The characters in The Blue Umbrella are unique. Esmeralda and Pris are caricatures. Esmeralda is tall and thin and always wears furs; Pris is very large and wears lurid pink dresses with weird hats. Sky is homely. Iris is a girl who doesn’t want to be a girl. Pethybridge is such a homely child that his parents and grandparents abandoned him without naming him. Chesterton is …odd, and Chelsea lost her power of speech by asserting herself and refusing to participate in Dada’s evil plots. The only “attractive” character in the book is Sky’s father, who is pretty sure people don’t like him because he is attractive.
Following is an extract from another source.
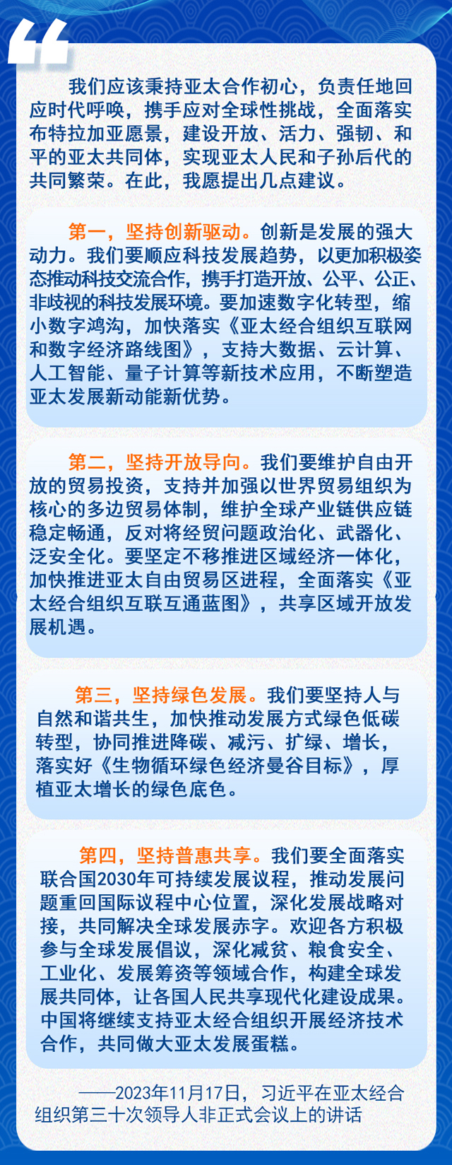 當(dāng)?shù)貢r(shí)間11月17日上午,亞太經(jīng)合組織第三十次領(lǐng)導(dǎo)人非正式會(huì)議在美國(guó)舊金山舉行。中國(guó)國(guó)家主席習(xí)近平出席會(huì)議并發(fā)表重要講話,提出亞太地區(qū)要“堅(jiān)持創(chuàng)新驅(qū)動(dòng)、堅(jiān)持開放導(dǎo)向、堅(jiān)持綠色發(fā)展、堅(jiān)持普惠共享”四點(diǎn)建議,攜手應(yīng)對(duì)全球性挑戰(zhàn),共同打造亞太下一個(gè)“黃金三十年”。
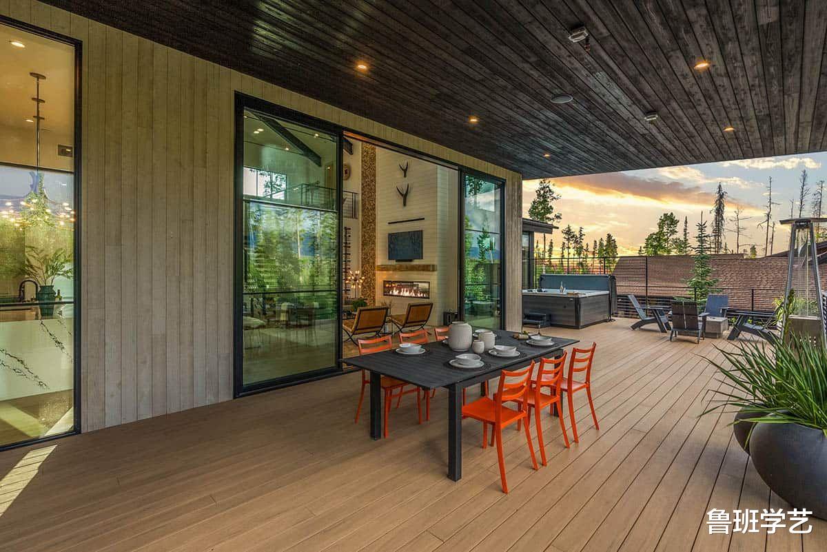 户外就餐区,并没有像传统的设计考虑在完全的室外,而是设计在屋檐下面,这样即使是下雨也不会影响。

Each of the children finds something valuable and strong within himself or herself, and together they find the strength and power to fight Dada and the Aunties. They learn that people can be trustworthy even when they are unable to prevent Bad Things from happening. Zac, especially, even begins to learn compassion when he sees how Dada treats his daughters, the Aunties and almost feels sorry for them. These are complex life lessons that school age children are beginning to learn.

The Blue Umbrella is the first book in Mike Mason’s children’s fantasy series. Book 2 will be Chesterton’s story, and Book 3 will tell about Chelsea. I’m hoping there will be books 4 and 5, about Pethybridge and Iris, too. Readers will be grateful that more books are coming; there’s so much more of the story we want to know. This book was a great read and I’m eager for the next one.